### What you will do
With the material below, print exactly the lines between the line holding "At this point, I" and the line holding "Bold style meets", inclusive. Add nothing else.

### Material supplied
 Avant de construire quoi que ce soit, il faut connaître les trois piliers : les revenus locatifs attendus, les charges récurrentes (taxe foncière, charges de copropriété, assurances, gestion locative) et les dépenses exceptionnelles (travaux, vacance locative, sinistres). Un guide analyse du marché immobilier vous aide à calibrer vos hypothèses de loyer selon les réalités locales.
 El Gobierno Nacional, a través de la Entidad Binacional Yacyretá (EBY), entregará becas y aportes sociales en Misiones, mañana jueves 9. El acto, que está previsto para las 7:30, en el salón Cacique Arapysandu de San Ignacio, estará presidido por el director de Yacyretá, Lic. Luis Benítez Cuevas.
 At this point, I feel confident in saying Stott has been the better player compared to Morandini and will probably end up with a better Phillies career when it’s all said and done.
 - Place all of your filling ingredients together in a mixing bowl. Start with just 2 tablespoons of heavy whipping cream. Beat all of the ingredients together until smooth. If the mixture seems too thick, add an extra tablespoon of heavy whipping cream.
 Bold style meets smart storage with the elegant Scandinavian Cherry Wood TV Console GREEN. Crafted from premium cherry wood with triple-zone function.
---
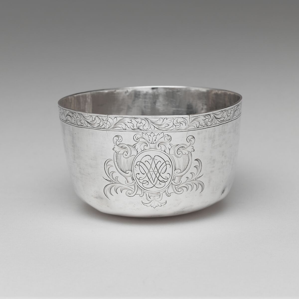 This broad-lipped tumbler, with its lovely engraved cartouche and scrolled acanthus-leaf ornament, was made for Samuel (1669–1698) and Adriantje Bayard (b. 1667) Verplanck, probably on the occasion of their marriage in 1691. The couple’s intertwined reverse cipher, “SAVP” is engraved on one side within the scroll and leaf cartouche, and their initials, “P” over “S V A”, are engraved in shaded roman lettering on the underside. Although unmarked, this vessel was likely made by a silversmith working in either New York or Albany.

### Response below
 At this point, I feel confident in saying Stott has been the better player compared to Morandini and will probably end up with a better Phillies career when it’s all said and done.
 - Place all of your filling ingredients together in a mixing bowl. Start with just 2 tablespoons of heavy whipping cream. Beat all of the ingredients together until smooth. If the mixture seems too thick, add an extra tablespoon of heavy whipping cream.
 Bold style meets smart storage with the elegant Scandinavian Cherry Wood TV Console GREEN. Crafted from premium cherry wood with triple-zone function.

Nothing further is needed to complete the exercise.